Data extract:
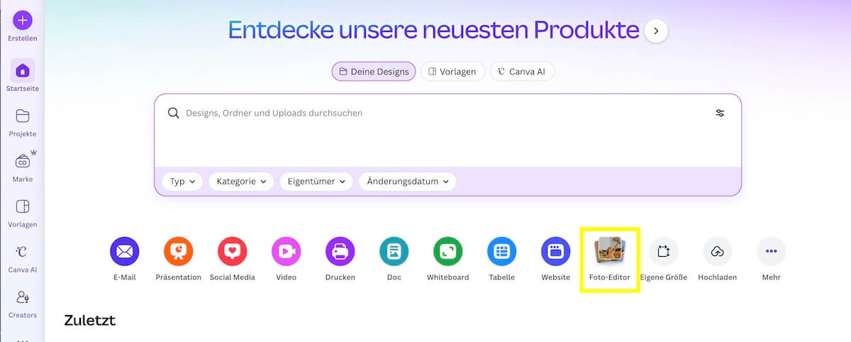 Der Canva Fotoeditor war bisher eine eher versteckte Funktion, die du nur über den Upload-bereich aufrufen konntest. (In diesem Video vom letzten Jahr habe ich die Funktion erklärt). Jetzt kannst du den Foto-Editor direkt über die Startseite aufrufen und deine Bilder bearbeiten, ohne ein extra Design erstellen zu müssen.
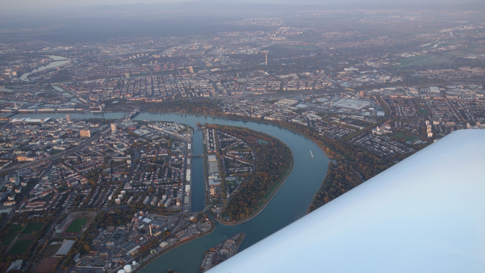 Following the Rhein river via Wiesbaden, then following the Taunus mountain range to the east, deep flight over Frankfurt-City, crossing the Main close by the harbor of Frankfurt, return with heading south to the country side of the Odenwald. After a smooth landing close to the Neckar river in Mosbach-Lohrbach, the second part continued via Sinsheim, Speyer and Mannheim City with industrial compound in Ludwigshafen. After ~100 minutes in total, the journey could been finalized as scheduled by landing on the home base of the airplane at the airfield in Worms (Aero Service Worms).
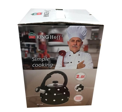 Czajnik 2.0L z gwizdkiem KINGHOFF wykonany z wysokiej jakości stali nierdzewnej pokrytej emalią. Można go stosować na wszystkich rodzajach kuchenek, także na kuchenkach indukcyjnych. Gwizdek zintegrowany w rączce. Pokrywka z polerowanej stali nierdzewnej. Ciekawy wzór w groszki.

Work to complete:
Please copy the data shown above precisely, leaving the images out.

The completed task:
 Der Canva Fotoeditor war bisher eine eher versteckte Funktion, die du nur über den Upload-bereich aufrufen konntest. (In diesem Video vom letzten Jahr habe ich die Funktion erklärt). Jetzt kannst du den Foto-Editor direkt über die Startseite aufrufen und deine Bilder bearbeiten, ohne ein extra Design erstellen zu müssen.
 Following the Rhein river via Wiesbaden, then following the Taunus mountain range to the east, deep flight over Frankfurt-City, crossing the Main close by the harbor of Frankfurt, return with heading south to the country side of the Odenwald. After a smooth landing close to the Neckar river in Mosbach-Lohrbach, the second part continued via Sinsheim, Speyer and Mannheim City with industrial compound in Ludwigshafen. After ~100 minutes in total, the journey could been finalized as scheduled by landing on the home base of the airplane at the airfield in Worms (Aero Service Worms).
 Czajnik 2.0L z gwizdkiem KINGHOFF wykonany z wysokiej jakości stali nierdzewnej pokrytej emalią. Można go stosować na wszystkich rodzajach kuchenek, także na kuchenkach indukcyjnych. Gwizdek zintegrowany w rączce. Pokrywka z polerowanej stali nierdzewnej. Ciekawy wzór w groszki.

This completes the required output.